Final answer:
To prove the identity sec(A + B)(cot A cot B - 1) = csc A csc B, we expand sec(A + B) using the sum formula for cosine and simplify (cot A cot B - 1) using trigonometric identities. Simplifying the left side shows us both sides of the equation are ultimately equal to 1, thus proving the identity.
Step-by-step explanation:
To prove that sec(A + B)(cot A cot B - 1) = csc A csc B, we will use trigonometric identities to simplify the left side of the equation to the right side.
We start by expanding sec(A + B) using the sum formula for cosine and then taking its reciprocal, since secant is the reciprocal of cosine:
- sec(A + B) = 1 / cos(A + B)
- cos(A + B) = cos A cos B - sin A sin B (Sum formula for cosine)

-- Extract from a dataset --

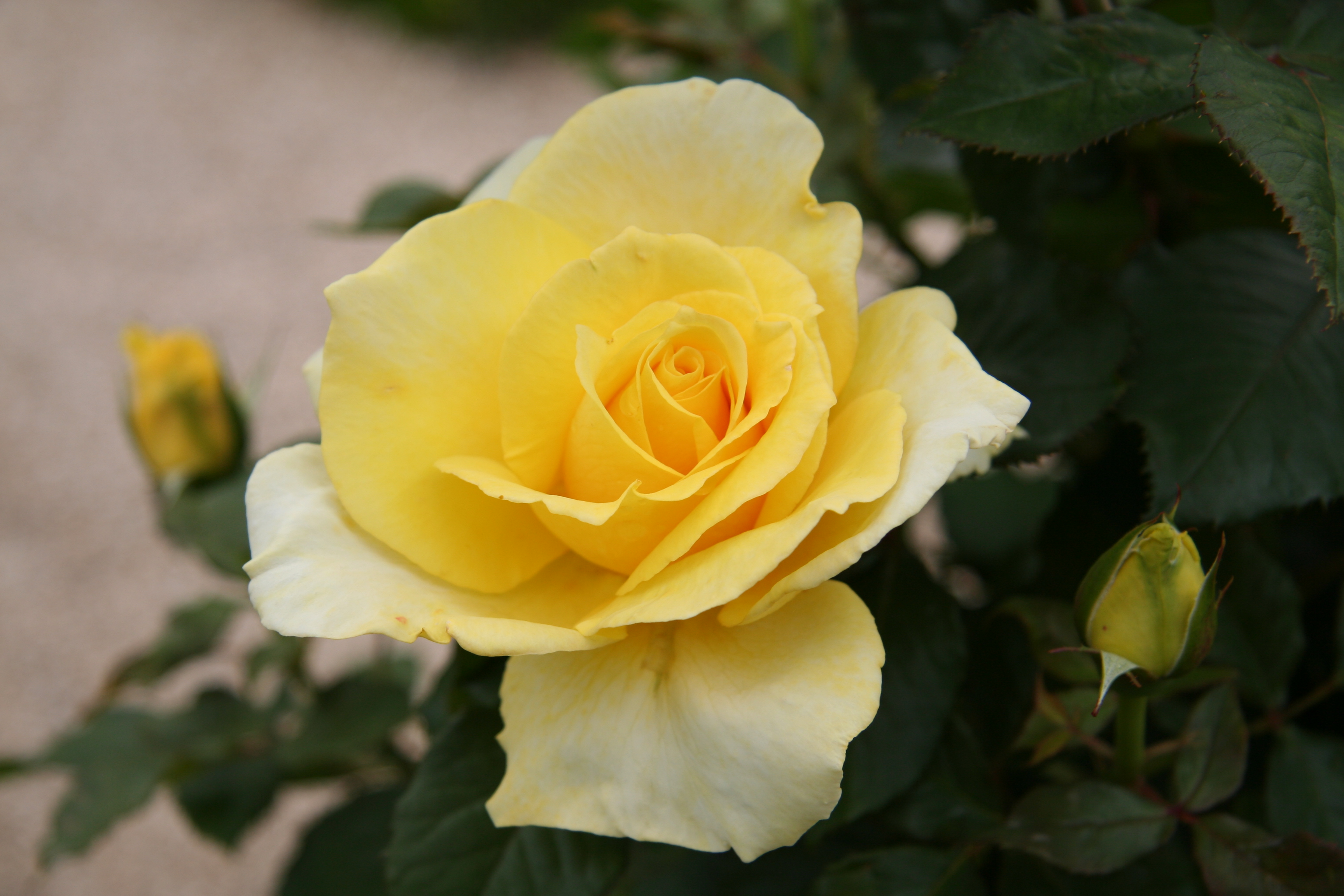 Apéritif rose - Bagatelle Rose Garden (Paris, France).

- Therefore, sec(A + B) = 1 / (cos A cos B - sin A sin B)
Next, we'll simplify the term(cot A cot B - 1) by substituting cotangent with the reciprocal of tangent which is cos/sin:
- cot A cot B - 1 = (cos A/sin A) * (cos B/sin B) - 1
Combining these gives us:
- sec(A + B)(cot A cot B - 1) = [1 / (cos A cos B - sin A sin B)] * [(cos A cos B)/(sin A sin B) - 1]

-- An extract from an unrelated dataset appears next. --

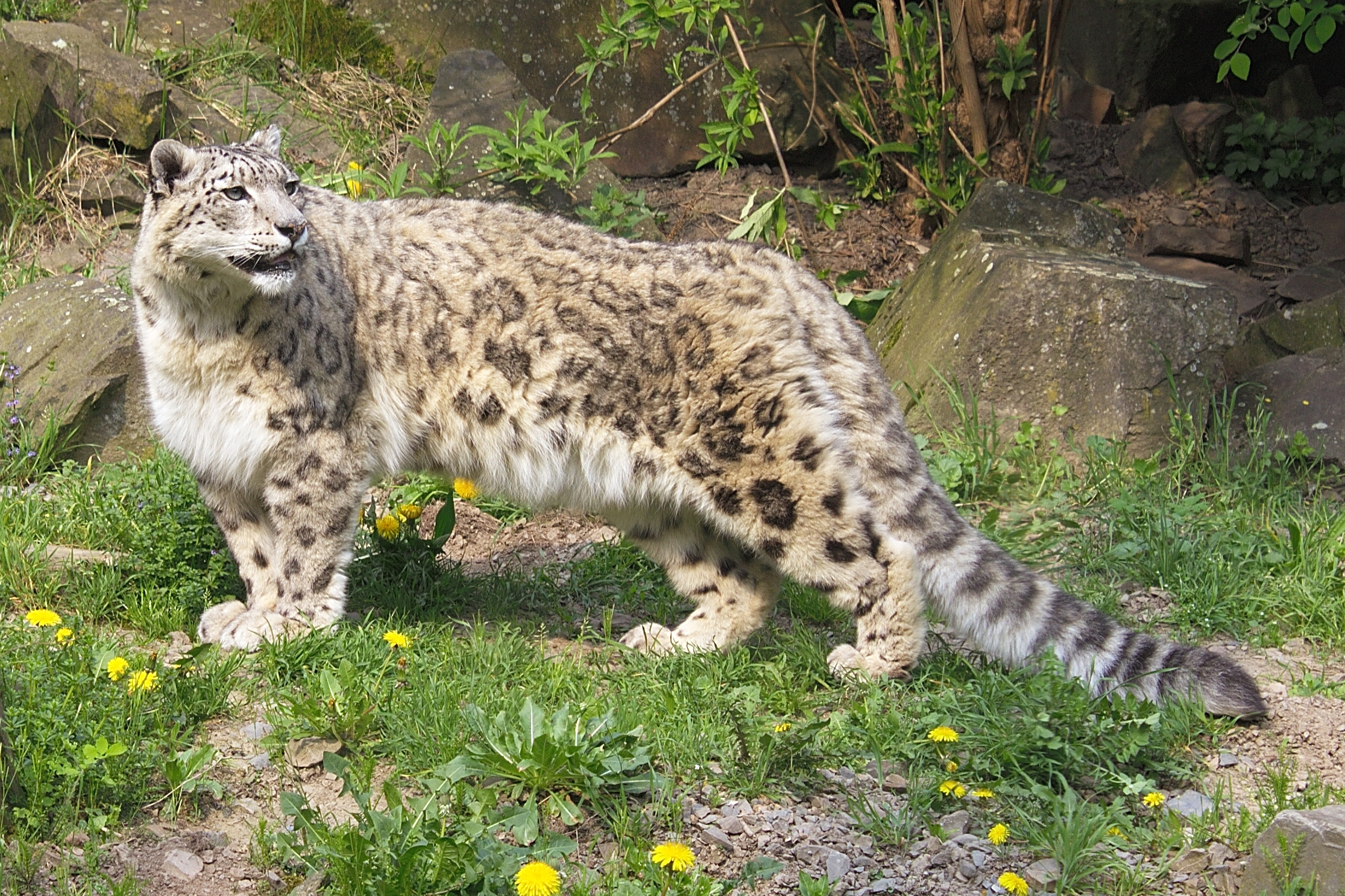 Snow Leopard Uncia uncia in Cologne Zoo

- Multiply the numerator of the second fraction by the denominator of the first fraction:
- sec(A + B)(cot A cot B - 1) = [(cos A cos B) - (sin A sin B)] / (sin A sin B)

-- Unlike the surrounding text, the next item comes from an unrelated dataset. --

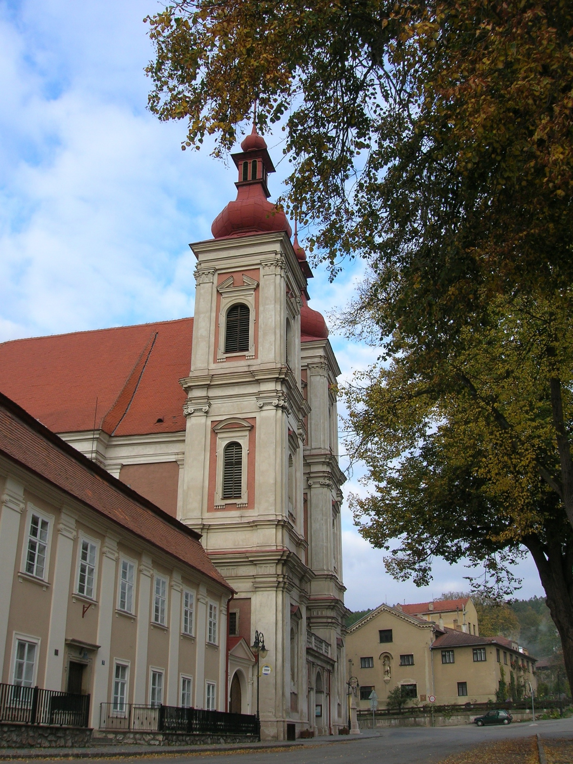 Lomnice Church

Notice that (cos A cos B) / (sin A sin B) simplifies to cot A cot B, and that sin^2 A + cos^2 A = 1 (Pythagorean identity). So, in terms of sine:
- (sin^2 A + sin^2 B) = 1, therefore (cos A cos B) - (sin A sin B) = sin A sin B
- Now the left side of the equation becomes sec(A + B)(cot A cot B - 1) = (sin A sin B) / (sin A sin B) = 1
- Looking at the right side of the initial equation: csc A csc B = (1/sin A)(1/sin B) = 1
Both sides simplify to 1, so the identity sec(A + B)(cot A cot B - 1) = csc A csc B is proved.